2018-02-27 11:33:19,932 DEBUG org.apache.hadoop.ipc.Client: closing ipc connection to bj-dc-namenode-001.tendcloud.com/172.18.0.1:8022: Connection timed outjava.io.IOException: Connection timed out
java.io.IOException: Connection timed out
        at sun.nio.ch.FileDispatcherImpl.read0(Native Method)
        at sun.nio.ch.SocketDispatcher.read(SocketDispatcher.java:39)
        at sun.nio.ch.IOUtil.readIntoNativeBuffer(IOUtil.java:223)
        at sun.nio.ch.IOUtil.read(IOUtil.java:197)
        at sun.nio.ch.SocketChannelImpl.read(SocketChannelImpl.java:384)

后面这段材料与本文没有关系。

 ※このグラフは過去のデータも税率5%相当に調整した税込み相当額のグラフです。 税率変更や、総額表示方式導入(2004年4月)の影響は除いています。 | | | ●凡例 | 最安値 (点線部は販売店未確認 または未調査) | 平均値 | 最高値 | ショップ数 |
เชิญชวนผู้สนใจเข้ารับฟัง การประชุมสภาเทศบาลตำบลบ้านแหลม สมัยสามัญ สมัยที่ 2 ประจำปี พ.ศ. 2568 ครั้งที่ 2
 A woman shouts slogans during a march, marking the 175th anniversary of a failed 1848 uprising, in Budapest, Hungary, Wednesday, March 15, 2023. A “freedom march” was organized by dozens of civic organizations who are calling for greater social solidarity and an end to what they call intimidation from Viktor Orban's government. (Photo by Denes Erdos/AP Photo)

        at org.apache.hadoop.net.SocketInputStream$Reader.performIO(SocketInputStream.java:57)
        at org.apache.hadoop.net.SocketIOWithTimeout.doIO(SocketIOWithTimeout.java:142)
        at org.apache.hadoop.net.SocketInputStream.read(SocketInputStream.java:161)

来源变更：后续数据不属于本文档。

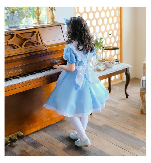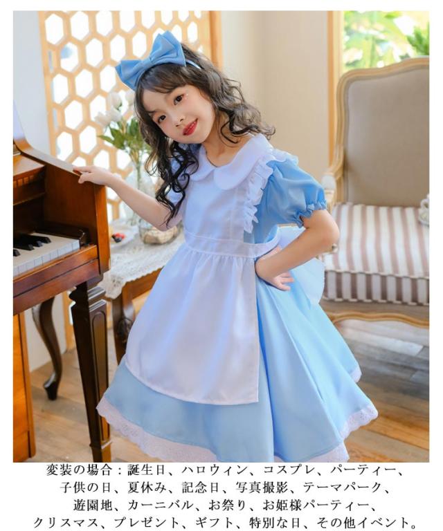 なりきり ハロウィン 萌え ドレス キッズ 女の子 コスプレ メイド服 子供 半袖 女児 仮装 可愛い エプロン イベント 活動 水色 文化祭 プリンセス 撮影 ワンピース 衣装 ライトブルー 3点セット 子供ドレス 100-150cm

        at org.apache.hadoop.net.SocketInputStream.read(SocketInputStream.java:131)
        at java.io.FilterInputStream.read(FilterInputStream.java:133)

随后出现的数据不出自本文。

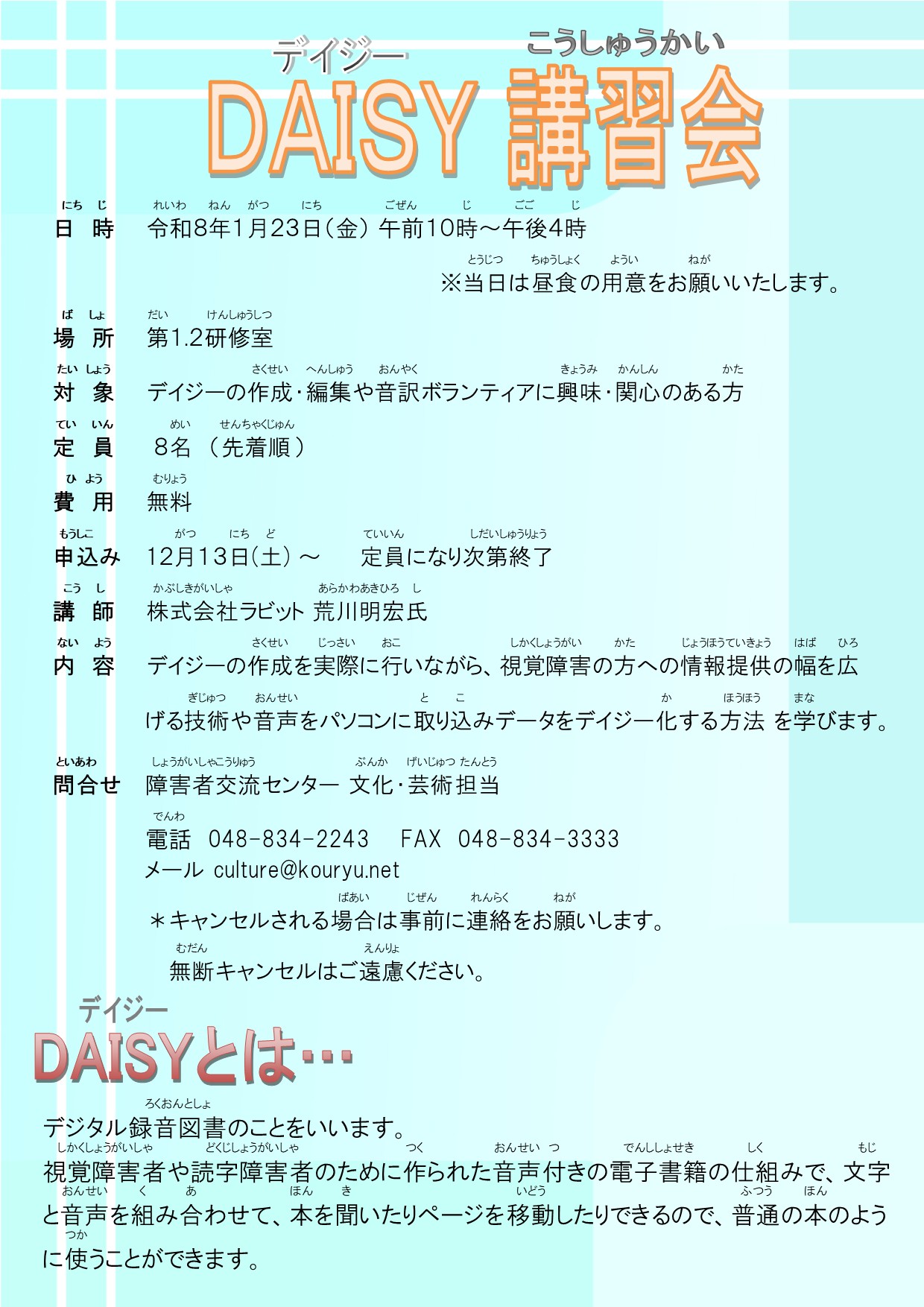 内容 デイジーの作成を実際に行いながら 視覚障害の方への情報提供の幅を広げる技術や

        at java.io.FilterInputStream.read(FilterInputStream.java:133)
        at org.apache.hadoop.ipc.Client$Connection$PingInputStream.read(Client.java:526)
        at java.io.BufferedInputStream.fill(BufferedInputStream.java:235)
        at java.io.BufferedInputStream.read(BufferedInputStream.java:254)
        at java.io.DataInputStream.readInt(DataInputStream.java:387)
        at org.apache.hadoop.ipc.Client$Connection.receiveRpcResponse(Client.java:1088)
        at org.apache.hadoop.ipc.Client$Connection.run(Client.java:983)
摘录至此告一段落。